USDCAD plunged to a 1.33 handle after The Bank of Canada indicated it is looking at the possibility of raising interest rates as the nation’s economic recovery picks up steam.
Bloomberg reports that in a speech she’s delivering in Winnipeg, Manitoba, Senior Deputy Governor Carolyn Wilkins highlighted how the nation’s recovery is broadening across regions and sectors, giving policy makers “reason to be encouraged.”
“As growth continues and, ideally, broadens further, Governing Council will be assessing whether all of the considerable monetary policy stimulus presently in place is still required,” Wilkins said in the text of a speech she’s giving Monday.

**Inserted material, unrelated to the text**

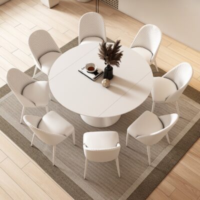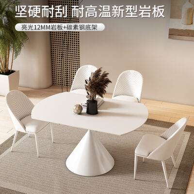 Bàn ăn phiến đá gấp kiểu kính thiên văn màu kem kiểu Pháp có thể thu vào vuông tròn gia đình nhỏ bàn ăn tròn xoay

“At present, there is significant monetary policy stimulus in the system.”
Which prompted the Loonie to rally near 2-month highs…
Some key excerpts from her speech…
“ If you saw a stop light ahead, you would begin letting up on the gas to slow down smoothly. You do not want to have to slam on the brakes at the last second. Monetary policy must also anticipate the road ahead.”
“An important aspect of our inflation assessment is that the economic drag from lower oil prices is now largely behind us.”
“The adjustment to lower oil prices is now largely behind us, and we are looking for signs that the sources of growth are broadening across sectors and regions,” Wilkins said. “The signs are encouraging.”
We wonder how long before another BoC member comes out and says the exact opposite?